▸ What is being asked: Look below for the line that has "Lustigt fantasi-varelse med"; output exactly from it through the line that has "NOTE: Powertrain calibration", and leave the pictures out.

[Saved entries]

☆ ☆ ☆ ☆ ☆

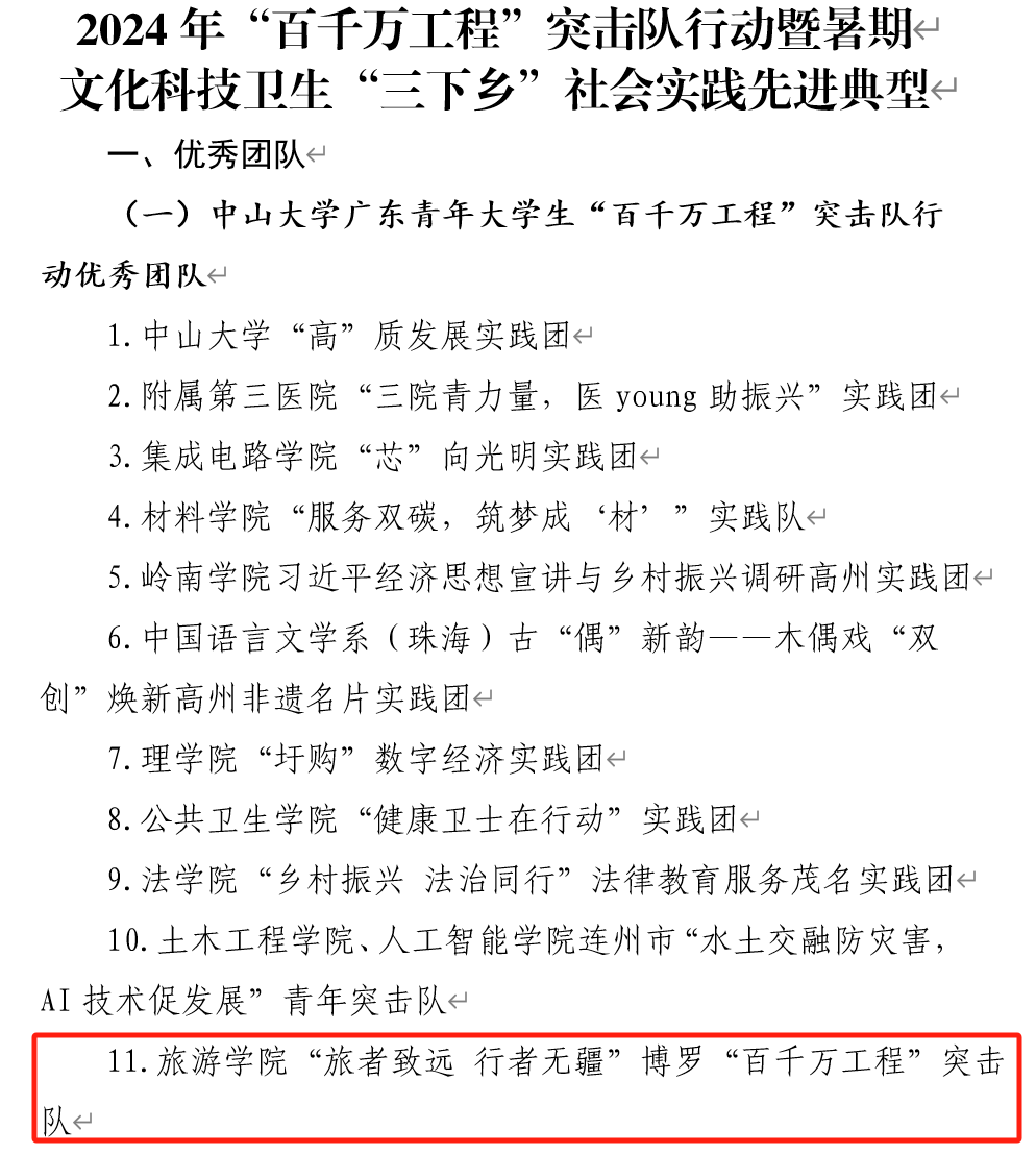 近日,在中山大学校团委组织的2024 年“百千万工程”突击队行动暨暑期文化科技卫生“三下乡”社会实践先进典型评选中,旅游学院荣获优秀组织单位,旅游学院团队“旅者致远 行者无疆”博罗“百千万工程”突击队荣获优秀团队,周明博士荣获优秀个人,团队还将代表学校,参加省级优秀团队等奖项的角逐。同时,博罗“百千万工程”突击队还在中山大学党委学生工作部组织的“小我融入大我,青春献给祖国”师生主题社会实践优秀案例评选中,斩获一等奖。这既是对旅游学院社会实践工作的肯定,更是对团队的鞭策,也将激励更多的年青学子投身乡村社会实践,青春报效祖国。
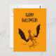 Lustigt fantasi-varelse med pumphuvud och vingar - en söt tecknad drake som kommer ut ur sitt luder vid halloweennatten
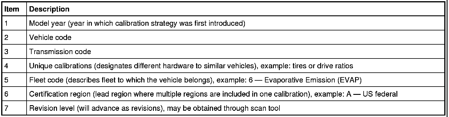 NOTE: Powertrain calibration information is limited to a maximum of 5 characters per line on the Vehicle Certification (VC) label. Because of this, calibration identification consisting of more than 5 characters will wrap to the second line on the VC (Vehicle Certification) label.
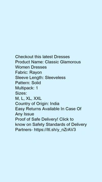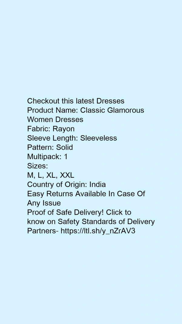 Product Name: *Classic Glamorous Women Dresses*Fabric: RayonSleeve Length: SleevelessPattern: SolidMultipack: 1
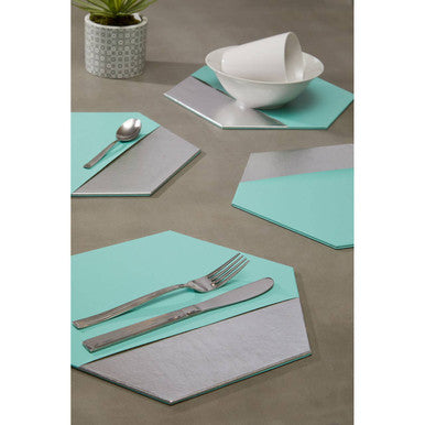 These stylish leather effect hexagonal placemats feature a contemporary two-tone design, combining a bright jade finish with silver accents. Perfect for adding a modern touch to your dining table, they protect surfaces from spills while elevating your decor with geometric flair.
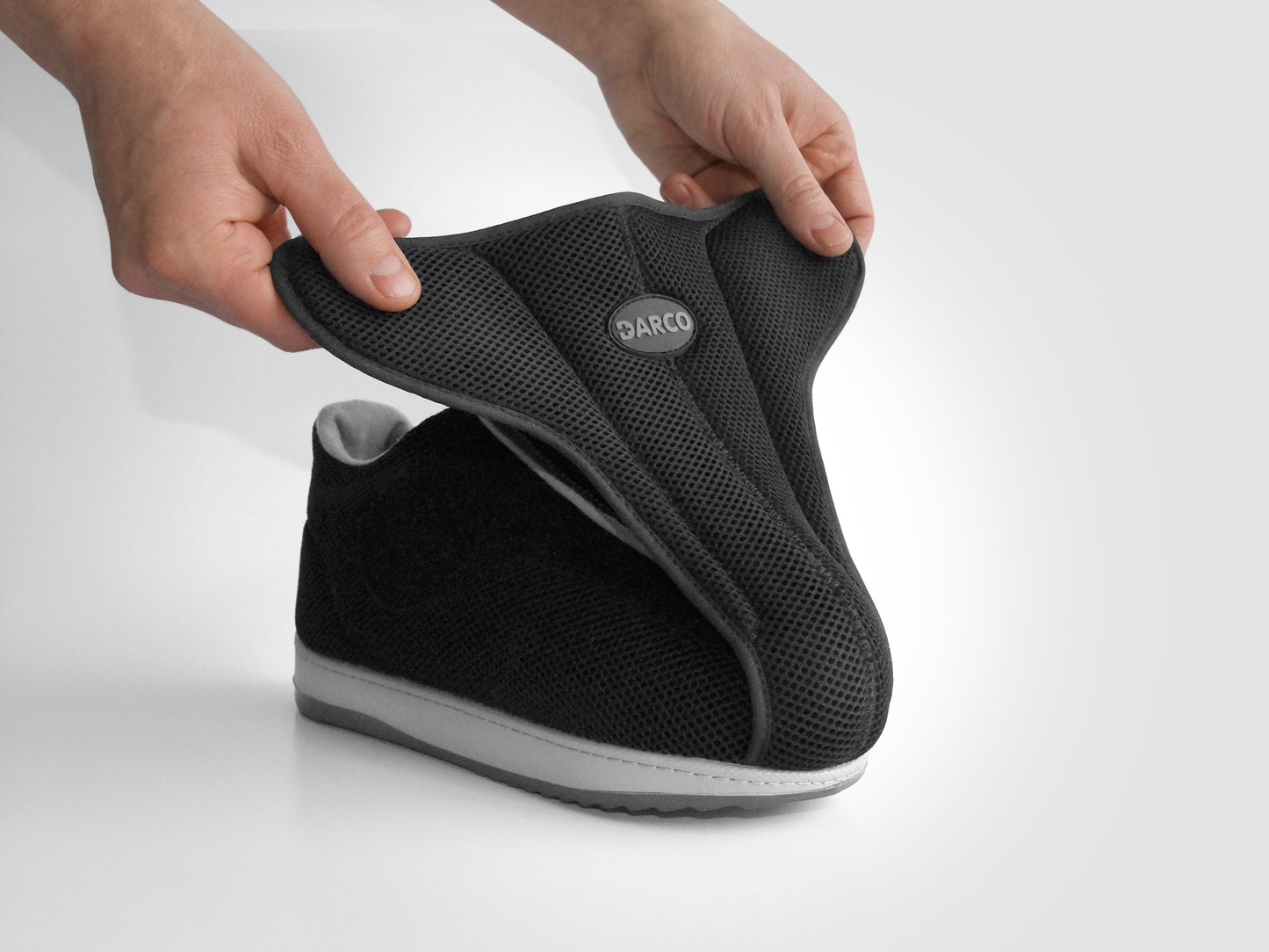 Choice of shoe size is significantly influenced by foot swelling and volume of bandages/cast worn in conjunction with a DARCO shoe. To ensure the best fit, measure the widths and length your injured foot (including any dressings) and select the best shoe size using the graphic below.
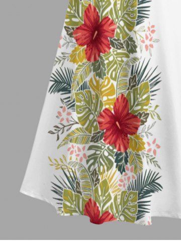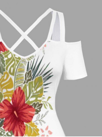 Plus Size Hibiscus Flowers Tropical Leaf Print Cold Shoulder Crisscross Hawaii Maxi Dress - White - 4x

☆ ☆ ☆ ☆ ☆

▸ Output for this task:
 Lustigt fantasi-varelse med pumphuvud och vingar - en söt tecknad drake som kommer ut ur sitt luder vid halloweennatten
 NOTE: Powertrain calibration information is limited to a maximum of 5 characters per line on the Vehicle Certification (VC) label. Because of this, calibration identification consisting of more than 5 characters will wrap to the second line on the VC (Vehicle Certification) label.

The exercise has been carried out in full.